Amazon Inventory Segmentation

Amazon.com has competed on selection with traditional retailers since its inception. It is estimated that Amazon.com offers over 20 million items for sale through its website and affiliates (Anderson, 2004). Amazon.com is able to support this selection through its multi-tier
129 inventory network. The following is a description of the three tiers or echelons that comprise
Amazon.com's inventory network.

The website www.amazon.com owns the relationship with the customer. The first tier within the supply chain network is the Amazon.com distribution center network. Inventory is aggregated in distribution centers, which enables Amazon.com to carry less overall inventory than physical retailers that have to carry inventory in stores and DCs to support customers. The benefits of inventory aggregation are an improved ability to respond to fluctuations in geographic demand and high service level support with a lower level of safety stock.

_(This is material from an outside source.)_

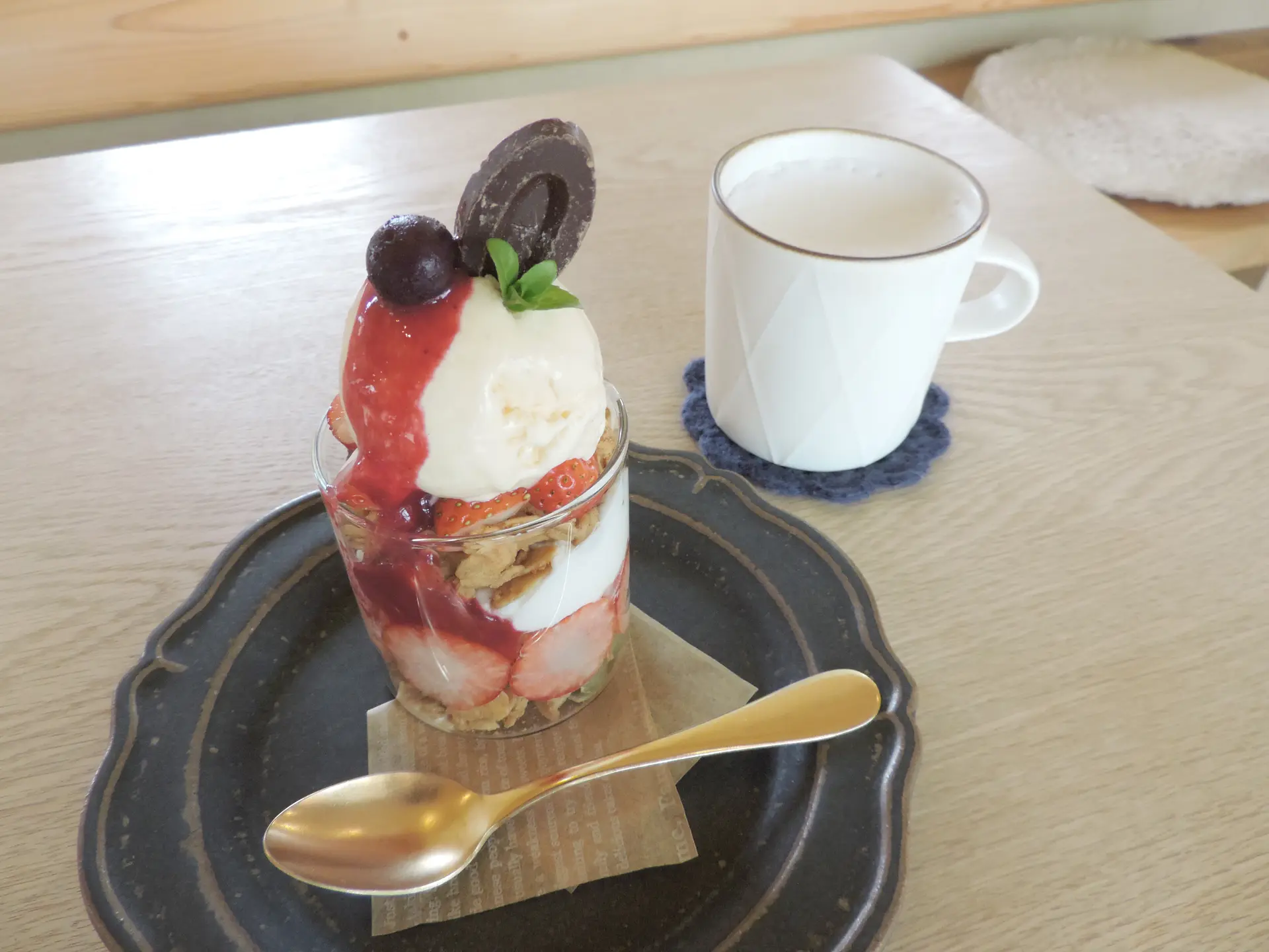 地元のいちご農家から仕入れた新鮮ないちごと、香ばしい「酵母グラノーラ」、そして濃厚なバニラアイスの「おいしい共演」です!
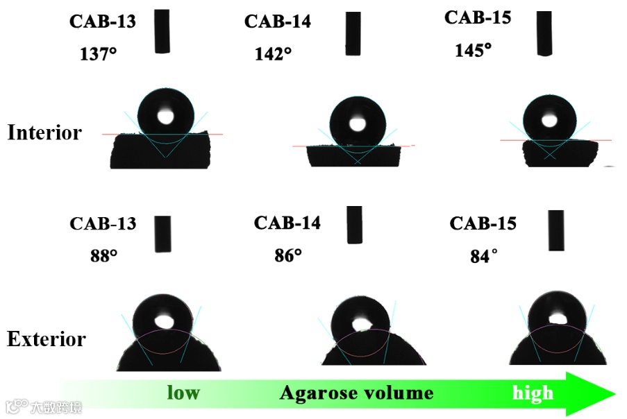 近日,针对气凝胶与富水材料结合在实际应用中的障碍,内蒙古科技大学赛华征副教授课题组,借助仿生学的理念,采用了二次凝胶化的手段构筑“仿石榴结构”的气凝胶微球(CABs)(图1)。具体来说是将疏水性的SiO2气凝胶粉体分散于聚乙烯醇溶液中以后和琼脂糖热溶液混合,再将该混合浆料滴入硅油中,在界面张力的作用下该浆料成球,伴随着琼脂糖的冷却凝胶化使得球形固化,其本质上是一种分散有大量疏水SiO2气凝胶的聚乙烯醇-琼脂糖复合凝胶微球。此时,SiO2气凝胶的孔洞内依然是空气,聚乙烯醇和琼脂糖分子链段相互交联形成水凝胶层(图1c)。将其烘干以后获得一种“仿石榴结构”的复合气凝胶微球,其疏水性的SiO2气凝胶微粒相当于石榴籽,由聚乙烯醇和琼脂糖复合而成的亲水性高分子膜构成石榴外皮(图2c-d)和内部分割石榴籽的内皮(图2f中蓝色圈里)。为了进一步优化CABs的性能,作者探究了聚乙烯醇及琼脂糖溶液浓度对气凝胶微观结构的影响。基于对SEM、BET、TGA等表征分析,选定合理高分子溶液浓度,使微球保留气凝胶高比表面积、低热导率等优异性能。

The second-tier in the inventory model is composed of wholesaler and partner DCs. This tier includes drop shippers such as Ingram Book Distributors, Baker and Taylor, and other book distributors. Also CD distributors and other partners that are utilized to fulfill Amazon.com orders are also seen at this level. If Amazon.com is unable to fulfill the item from its DC, Amazon.com's IT systems can look into partner inventories to determine which party to assign the order. This prevents the Amazon.com customer from experiencing a stock-out for an item that Amazon.com carries but currently does not have in its own stock. It also allows Amazon.com to offer items that it does not sell directly through its inventory.

Publishers, manufacturers, vendors, and third-party sellers comprise the third-tier in the Amazon.com multi-tier inventory model. These parties further enable Amazon.com to offer the nearly unlimited selection that they offer. Additionally, products sourced from these entities enable Amazon.com to avoid distributor markups, reduce their dependency on distributors, and improve margins.The graphical representation of Amazon.com's three-tier inventory model is shown on the following page.

In this model, Amazon.com IT systems pass information to each tier in the supply chain model. Physical products can then flow from any tier to the customer. Furthermore, partners in second and third tier replenish Amazon.com distribution centers with their inventory.